- **WORKING DATA**
=-=-=
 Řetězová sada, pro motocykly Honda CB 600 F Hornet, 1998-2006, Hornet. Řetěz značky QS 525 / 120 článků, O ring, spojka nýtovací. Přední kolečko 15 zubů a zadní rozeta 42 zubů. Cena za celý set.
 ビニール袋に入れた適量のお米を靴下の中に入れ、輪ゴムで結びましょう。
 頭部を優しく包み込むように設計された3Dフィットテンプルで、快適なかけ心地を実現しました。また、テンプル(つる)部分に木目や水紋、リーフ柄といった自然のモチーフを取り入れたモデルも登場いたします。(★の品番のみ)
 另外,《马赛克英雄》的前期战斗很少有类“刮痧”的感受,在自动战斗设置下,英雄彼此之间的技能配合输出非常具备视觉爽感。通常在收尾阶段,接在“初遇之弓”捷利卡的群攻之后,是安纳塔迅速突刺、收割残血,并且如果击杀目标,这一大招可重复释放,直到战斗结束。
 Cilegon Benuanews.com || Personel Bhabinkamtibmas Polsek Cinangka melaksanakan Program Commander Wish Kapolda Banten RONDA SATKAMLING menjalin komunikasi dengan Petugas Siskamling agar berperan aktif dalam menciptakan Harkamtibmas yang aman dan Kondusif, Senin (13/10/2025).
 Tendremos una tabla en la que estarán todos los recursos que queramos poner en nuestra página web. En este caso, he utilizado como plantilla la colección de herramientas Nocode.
=-=-=
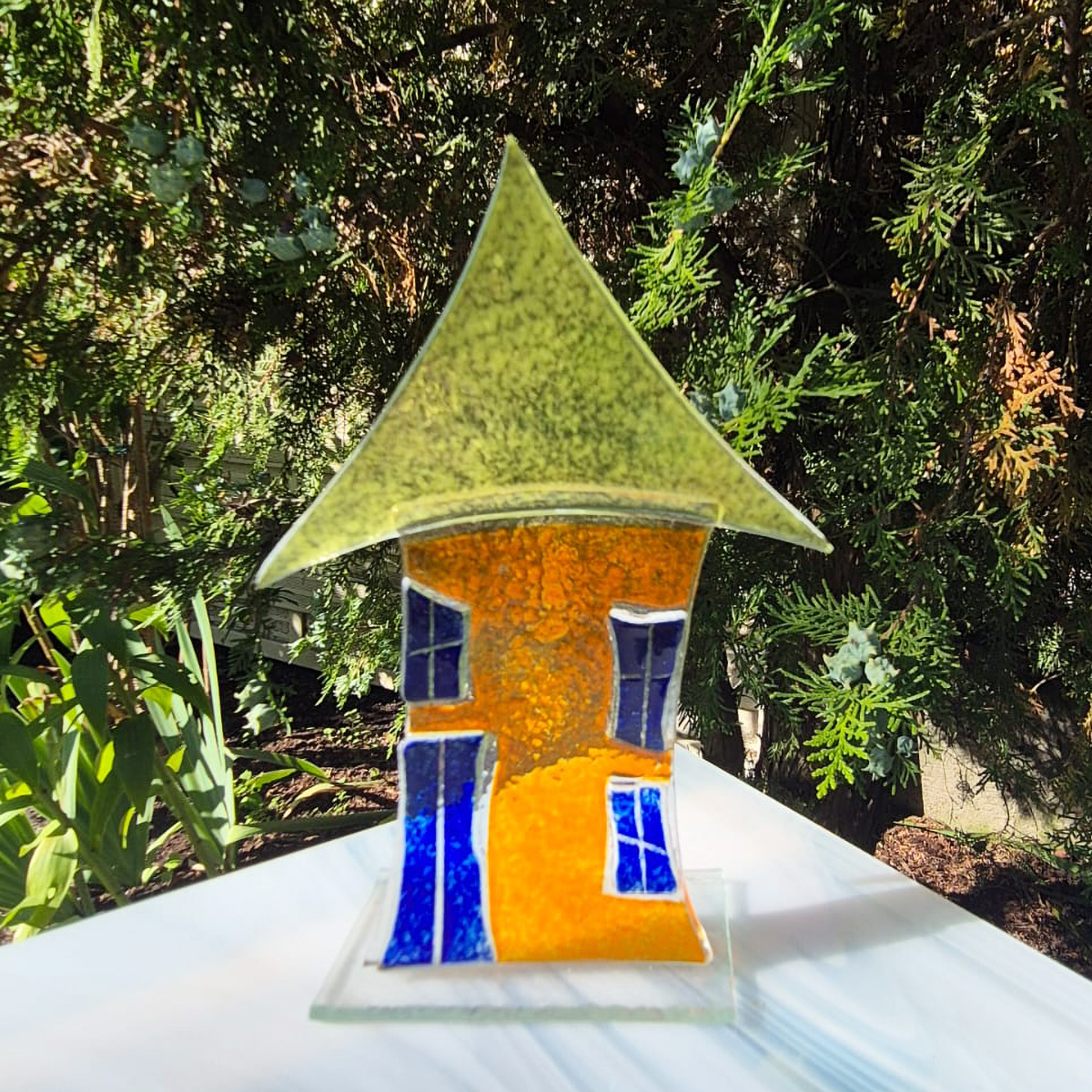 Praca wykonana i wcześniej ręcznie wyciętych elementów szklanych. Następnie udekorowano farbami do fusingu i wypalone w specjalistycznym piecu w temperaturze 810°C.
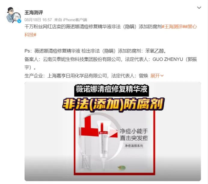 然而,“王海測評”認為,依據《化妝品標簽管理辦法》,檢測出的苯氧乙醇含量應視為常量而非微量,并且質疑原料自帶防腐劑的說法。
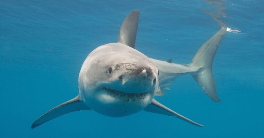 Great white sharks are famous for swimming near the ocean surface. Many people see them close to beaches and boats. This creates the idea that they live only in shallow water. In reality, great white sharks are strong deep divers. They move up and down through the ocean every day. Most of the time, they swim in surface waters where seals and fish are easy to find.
=-=-=
- **AIM OF THE EXERCISE**
Only the lines above from the one with "Řetězová sada, pro" up to and including the one with "Tendremos una tabla" should be repeated, exactly as written.

- **TASK RESPONSE**
 Řetězová sada, pro motocykly Honda CB 600 F Hornet, 1998-2006, Hornet. Řetěz značky QS 525 / 120 článků, O ring, spojka nýtovací. Přední kolečko 15 zubů a zadní rozeta 42 zubů. Cena za celý set.
 ビニール袋に入れた適量のお米を靴下の中に入れ、輪ゴムで結びましょう。
 頭部を優しく包み込むように設計された3Dフィットテンプルで、快適なかけ心地を実現しました。また、テンプル(つる)部分に木目や水紋、リーフ柄といった自然のモチーフを取り入れたモデルも登場いたします。(★の品番のみ)
 另外,《马赛克英雄》的前期战斗很少有类“刮痧”的感受,在自动战斗设置下,英雄彼此之间的技能配合输出非常具备视觉爽感。通常在收尾阶段,接在“初遇之弓”捷利卡的群攻之后,是安纳塔迅速突刺、收割残血,并且如果击杀目标,这一大招可重复释放,直到战斗结束。
 Cilegon Benuanews.com || Personel Bhabinkamtibmas Polsek Cinangka melaksanakan Program Commander Wish Kapolda Banten RONDA SATKAMLING menjalin komunikasi dengan Petugas Siskamling agar berperan aktif dalam menciptakan Harkamtibmas yang aman dan Kondusif, Senin (13/10/2025).
 Tendremos una tabla en la que estarán todos los recursos que queramos poner en nuestra página web. En este caso, he utilizado como plantilla la colección de herramientas Nocode.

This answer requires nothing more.